After the MSC legislation what should contractors do with existing contracts?

IR35 Test

In the light of the Managed Service Companies (MSC) legislation in the recent Budget, what options do contractors have open to them with their contracts and what should they do to make sure they are compliant?

The Best Option: Umbrella or Ltd Company?

For contractors starting out and choosing to go through a PAYE umbrella, it is vital to ensure that any expense payments on offer can actually be claimed. Says Kate Cottrell, Co-Founder of Bauer & Cottrell: “It is highly likely that HMRC would view the workplace as a permanent one, so unless a contractor is required to travel to a temporary workplace no travel and subsistence payments are possible, and without these this option is not very attractive.”

Opting for the limited company where they would have full financial and management control, then perhaps the biggest issue is IR35 and any contract needs to be checked to see if it is inside or outside the IR35 legislation. “It is worth doing some sums before deciding between an umbrella option or a limited company. This includes umbrella with and without expenses, and limited in and out of IR35,” adds Cottrell.

Moving Providers

..unless a contractor is required to travel to a temporary workplace no travel and subsistence payments are possible

Kate Cottrell - Bauer & Cottrell

According to Chris Lee, Head of Business Tax at James Cowper, the contractor may be able to drop their MSC and move to a Personal Service Company (PSC), but this will depend upon the terms of the contractor's contract with the agency and whether they can practically make the change in the short time available.

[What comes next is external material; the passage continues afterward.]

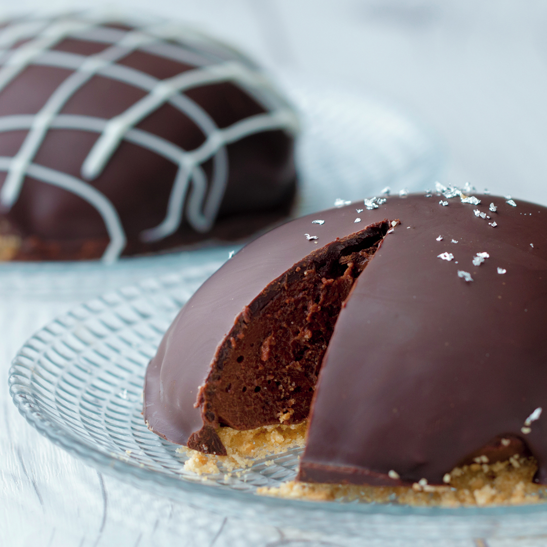 8.(7)を(6)のムース全体にかけ、冷蔵庫で2-3時間冷やす。表面が固まったら、銀粉やチョコペンでデコレーションして、完成!

However, because the NIC regulations on MSCs are not expected to be implemented before August 2007, it seems likely that many contractors will continue to use MSCs until then.

“The overall tax burden will be slightly higher than under the pre-MSC regime, but there will still be a worthwhile overall saving, most particularly for contractors who do not claim significant expenses,” he says.

But, according to John Chaplin, Director of Taxes at KPMG LLP, given the changes announced on Budget day and clarified in the guidance notes published last Thursday, it's unlikely that many informed agencies will be happy to accept contractors providing their services via PSCs promoted by a managed service provider.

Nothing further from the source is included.